Donald Trump a annoncé la semaine dernière, à tort, qu’un traitement du Covid-19 à la chloroquine avait été approuvé par la Food and Drug Administration (FDA) grâce à un processus accéléré. Il a ajouté : « Ce qui est bien, c’est qu’il est sur le marché depuis longtemps, donc nous savons que même si les choses ne se passent pas comme prévu, cela ne tuera personne ». Il avait tort.

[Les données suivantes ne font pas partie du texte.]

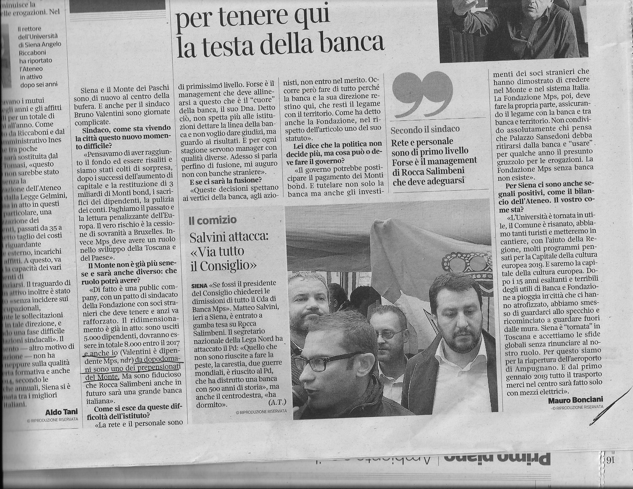 Veramente il nostro Sindaco non finisce di stupirci. In questo momento drammatico per Siena l’unica cosa che riesce a fare è inondarci di parole!!! Lo troviamo praticamente in ogni dove, su internet lo potete trovare su repubblica (clicca e leggi) ma anche nelle agenzie, su radio 24 (clicca e ascolta). Ma c’è da capirlo, infatti, come ha detto in un’intervista del Corriere Fiorentino del 30 Ottobre ci dice che dal 1 di Novembre sarà uno dei prepensionati del Monte!!! Caspita dico io e ora chi lo tiene? Uno abituato a stare in ufficio come Lui avrà dei problemi a riempirsi la giornata!!! Ancora non può portare i nipotini alla Lizza a vedere i cigni, il Guiccia non lo ha ancora fatto nonno! E allora cari senesi lo vedremo ancora più spesso in televisione e sui giornali… Disdetta, maledetta disdetta!!! Certo avrà più tempo per studiare qualcosina in più sul palio, magari studierà che la campanina non è la campanella e che i cavalli davanti hanno la testa e dietro la coda… Vorrei fare una proposta alle testate locali, sia quelle tradizionali che quelle on line, magari potete dedicargli uno spazio in cui possa esprimersi, che ne so per esempio: La Rubrica di Bruno Valentini… Come spararle grosse e continuare a fare il Sindaco!!! Oppure L’Oroscopo di Bruno… Previsioni certe fino al 2019 poi so’ cazzi vostri tanto io sarò in pensione!!! Infatti tutte le volte che viene intervistato si riferisce al 2019 anche sul Corriere Fiorentino di oggi ci dice che tutte le consegne nel centro storico dal 1 Gennaio 2019 saranno fatte con mezzi elettrici, pare che dal 2 Luglio 2019 i cavalli del palio saranno geneticamente modificati e non faranno la cacca per non sporcare!!! Dal 2019 poi il Sindaco di Siena sarà virtuale le prove sono iniziate lo scorso anno… A proposito il buon Valentini sempre nella stessa intervista ci dice che riaprirà lo scalo di Ampugnano, vuoi vedere che l’apertura è prevista per il 2019?

En Arizona, dans la nuit de lundi à mardi, un homme est décédé et son épouse est dans un état critique après avoir ingéré du phosphate de chloroquine dans l’espoir d’éviter une contamination par le Covid-19. Mais au lieu d’utiliser du phosphate de chloroquine sous forme de médicament, le couple a avalé un produit chimique utilisé pour traiter les poissons, qui contenait de la chloroquine. 

La femme a déclaré à NBC News : « Nous avions peur de tomber malade ». Les époux, âgés de 61 et 68 ans, étaient en bonne santé et ne souffraient d’aucune maladie sous-jacente, mais ils craignaient d’attraper le virus. En écoutant Donald Trump vanter les mérites de la chloroquine, l’Américaine a reconnu le nom du produit, car elle l’avait déjà utilisé pour traiter ses carpes koïs.

Chacun a ainsi mélangé 1 cuillère à café de phosphate de chloroquine dans du soda. Après 20 minutes, la femme a commencé à vomir et son époux a eu du mal à respirer. Elle a donc appelé les secours et le couple a été admis dans un hôpital de l’Arizona.

Le couple n’est pas le premier à s’empoisonner après avoir entendu les déclarations de Donald Trump. Un jour seulement après la conférence de presse tenue par le président, le Nigeria a reporté de multiples cas de personnes empoisonnées après avoir tenté de se soigner et ayant fait une overdose de chloroquine. 

Juste après l’annonce de Donald Trump, le commissaire de la FDA, le Dr Stephen Hahn, a souligné : « Nous avons peut-être le bon médicament, mais il se peut qu’il ne soit pas encore sous la bonne forme galénique, et il pourrait faire plus de mal que de bien ». Mais cet avertissement a été éclipsé par la fake news du président.

Lorsque Vaughn Hillyard, journaliste pour NBC News, a demandé à l’Américaine le message qu’elle voulait faire passer aux gens, elle a répondu : « Mon Dieu, ne prenez rien [aucune substance]. Ne croyez rien de ce que le président ou son équipe disent, ils ne savent pas de quoi ils parlent. Appelez votre médecin. C’est un chagrin d’amour dont je ne me remettrai jamais ».

Il est vrai que des essais cliniques ont commencé pour étudier l’efficacité contre le Covid-19 de la chloroquine, l’un des plus anciens médicaments antipaludéens au monde, et de l’hydroxychloroquine, un dérivé moins toxique de la chloroquine qui traite notamment le lupus et la polyarthrite rhumatoïde. Mais sans preuves solides de l’innocuité d’un traitement, la FDA ne peut ni l’approuver, ni accélérer le processus. À ce jour, l’administration américaine n’a approuvé aucun de ces deux traitements.

Les médecins souhaitent aujourd’hui rester prudents quant à l’efficacité de l’hydroxychloroquine, car les données manquent et sont basées uniquement sur une étude in vitro et un essai clinique mené en France par le Pr Didier Raoult, directeur de l’Institut Méditerranée Infection à Marseille. 

Mais aucun de ces deux médicaments n’est inoffensif. Les effets secondaires de la chloroquine peuvent inclure des problèmes de vision, et l’hydroxychloroquine, commercialisée sous le nom de Plaquenil, comporte un risque d’arythmie fatale (un trouble qui se produit lorsque le rythme cardiaque devient si irrégulier que le patient fait un arrêt cardiaque). De nombreux médecins et pharmaciens ont utilisé Twitter pour avertir le grand public des effets secondaires potentiellement dangereux de ces traitements, en particulier s’ils sont associés à l’azithromycine, une combinaison qui peut, dans de rares cas, entraîner la mort. 

Les déclarations inexactes de Donald Trump font donc à ce jour plus de mal que l’automédication. Par ailleurs, de nombreux patients atteints de lupus et de polyarthrite rhumatoïde ne parviennent plus à se procurer de Plaquenil et lancent un cri d’alerte aux laboratoires afin qu’ils réapprovisionnent les rayons des pharmacies. Sanofi a répondu, assurant que les stocks arriveraient dans les prochains jours, et se dit même prêt à livrer des millions de doses, pour traiter jusqu’à 300 000 patients atteints du Covid-19.